START Data for the task
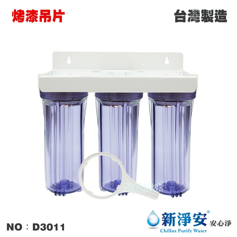 【龍門淨水】10英吋一般三管過濾器-3透-烤漆吊片式 2分/3分/4分內牙 台灣製造(D3011)
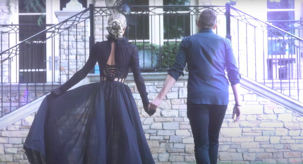 At the end of the music video we see a very romantic scene -- the two can be seen holding hands, walking away together as a bright light surrounds them.
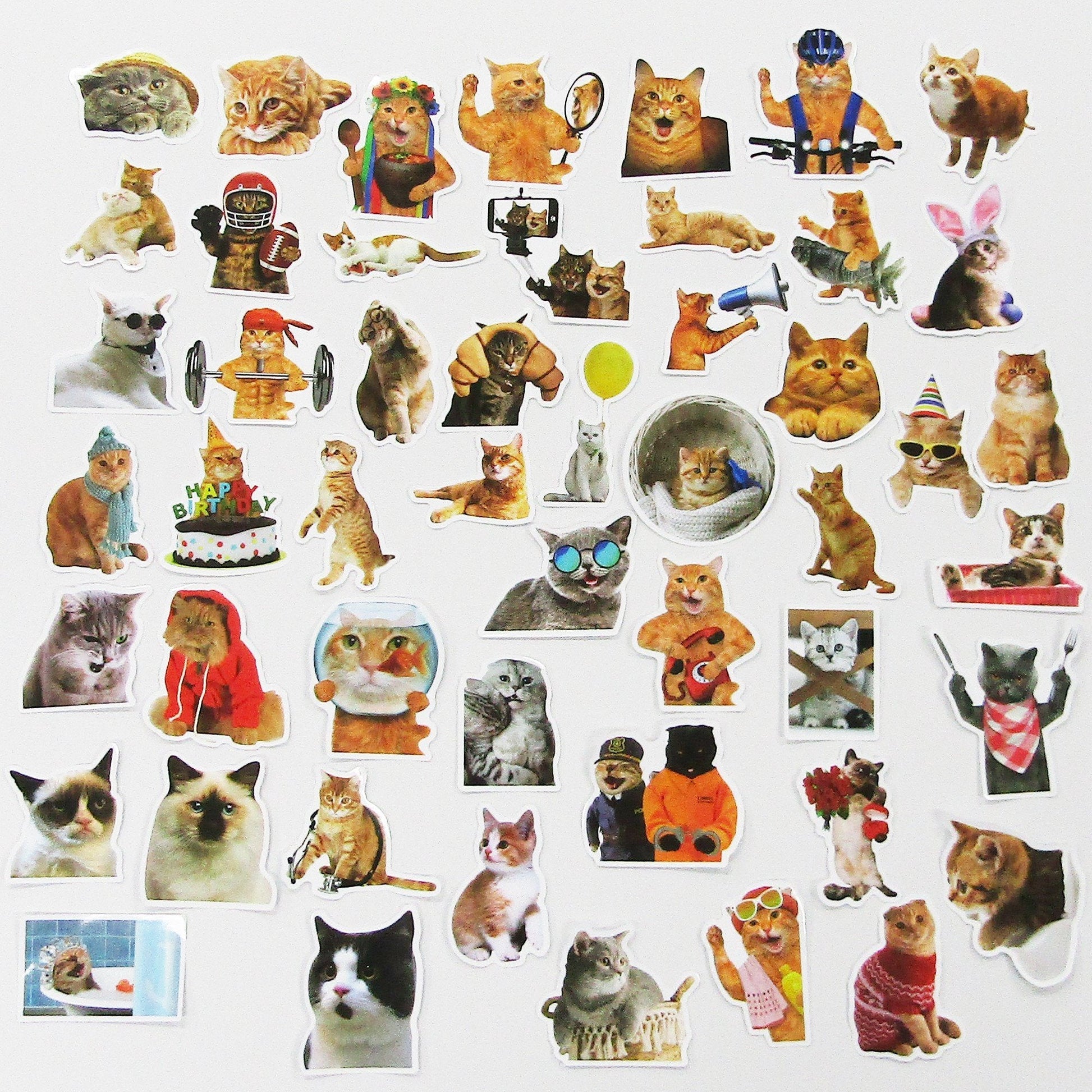 50pcs Funny Cats Sticker Bundle Schoolbooks Cards Junk Journal
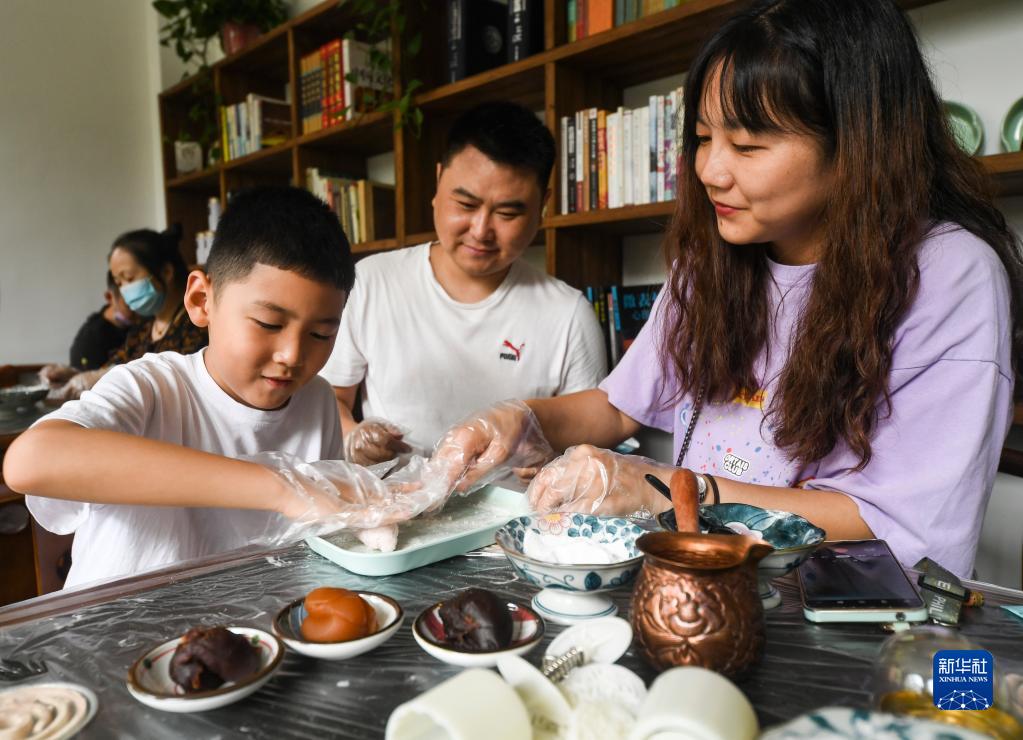 9月10日,小朋友和家長(cháng)在重慶龍門(mén)浩老街學(xué)習、體驗月餅制作。
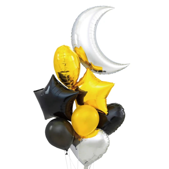 • 2 Balony foliowe gwiazdki: złoty i czarny - 45cm
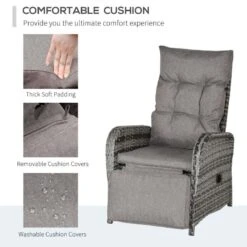 Outsunny 2-Seater Rattan Garden Furniture Set – Reclining – Grey – 862-032V70
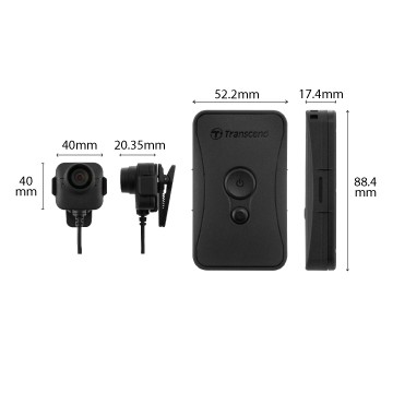 Máy quay gắn trên người DrivePro Body 52 của Transcend có bộ ghi hình được kết nối với máy chính bằng dây cáp linh hoạt, cho phép có nhiều tùy chọn đính kèm. Được làm theo yêu cầu thực thi pháp luật, an ninh cá nhân và các chuyên gia khác, DrivePro Body 52 bền là để chịu được nước và va đập. Máy quay này có cảm biến hình ảnh của Sony để chụp các hình ảnh có độ phân giải cao với tông màu cực tốt ngay cả trong ánh sáng thấp. Với Wi-Ftích hợp, DrivePro Body 52 cho phép người dùng phát trực tuyến và chụp ảnh nhanh trên thiết bị di động iOS và Android.Bộ chụp ảnh riêng biệt với cảm biến hình ảnh nhạy cảm cao
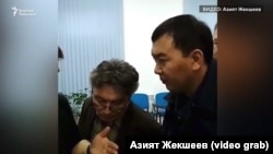 Как сообщил журналист Азиат Жекшеев, около 17.00 пришли лица, которые представились сотрудниками милиции и судоисполнителями. Они показали определение суда и заявление.
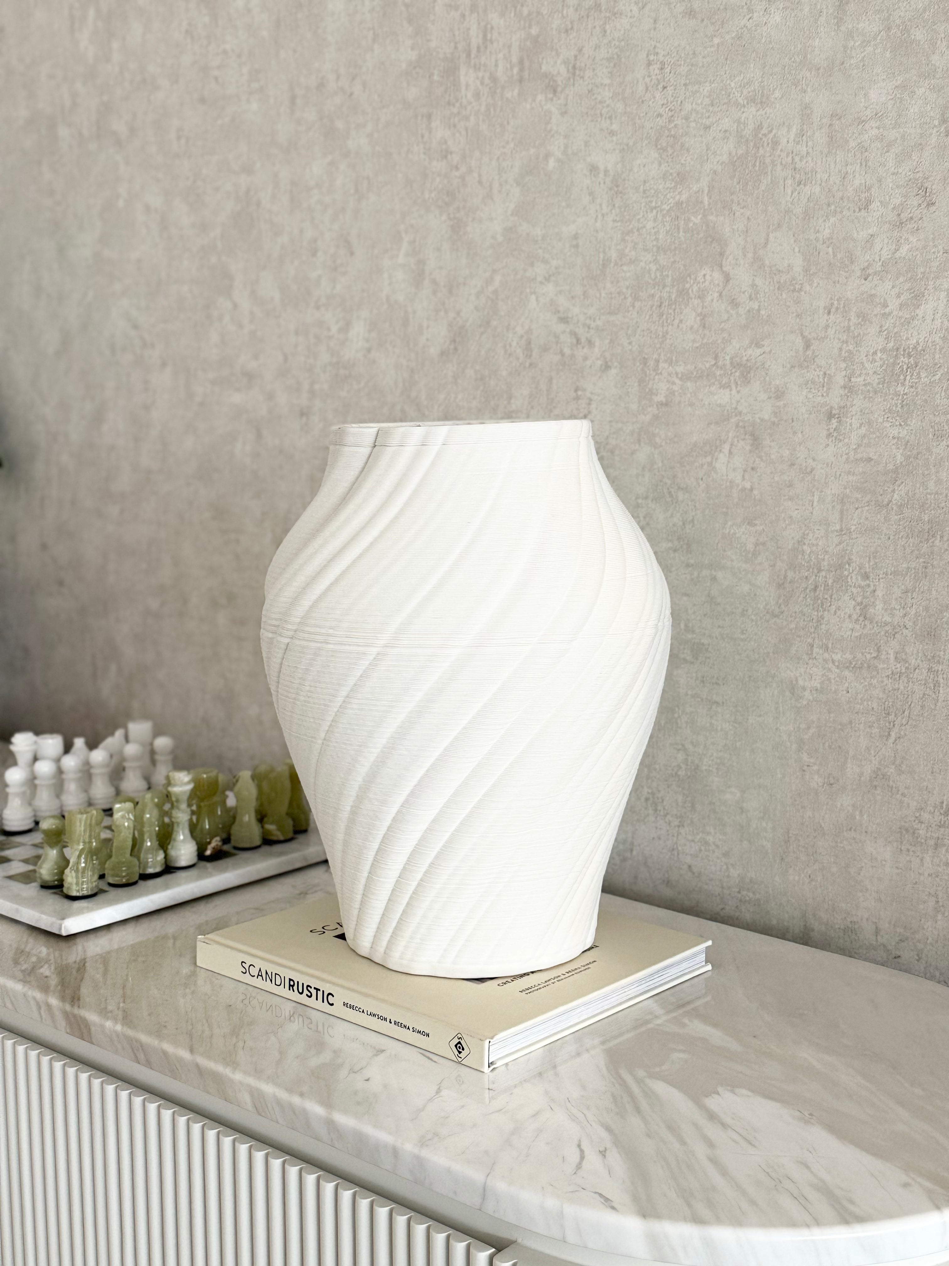 Crafted from the finest white ceramic, Andra vase exudes timeless luxury and refined elegance. Its pristine, textured surface and minimalist design make it a perfect statement piece, effortlessly complementing both luxury and classic interiors.
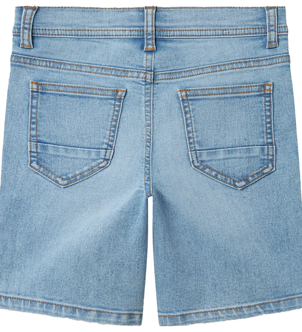 Stilfulde Name It shorts i lyseblå denim med en indvendigt, justerbar elastikkant i livet. Designet har klassiske lommer og åbnes med en hægte og lynlås foran. Name It skaber komfort og stil i en enkel pakke, ideel til hverdagens brug.
END Data for the task
Required work: The answer consists of the lines from the one holding "Как сообщил журналист" to the end of the records, inclusive, restated exactly and without pictures.

Problem solution:
 Как сообщил журналист Азиат Жекшеев, около 17.00 пришли лица, которые представились сотрудниками милиции и судоисполнителями. Они показали определение суда и заявление.
 Crafted from the finest white ceramic, Andra vase exudes timeless luxury and refined elegance. Its pristine, textured surface and minimalist design make it a perfect statement piece, effortlessly complementing both luxury and classic interiors.
 Stilfulde Name It shorts i lyseblå denim med en indvendigt, justerbar elastikkant i livet. Designet har klassiske lommer og åbnes med en hægte og lynlås foran. Name It skaber komfort og stil i en enkel pakke, ideel til hverdagens brug.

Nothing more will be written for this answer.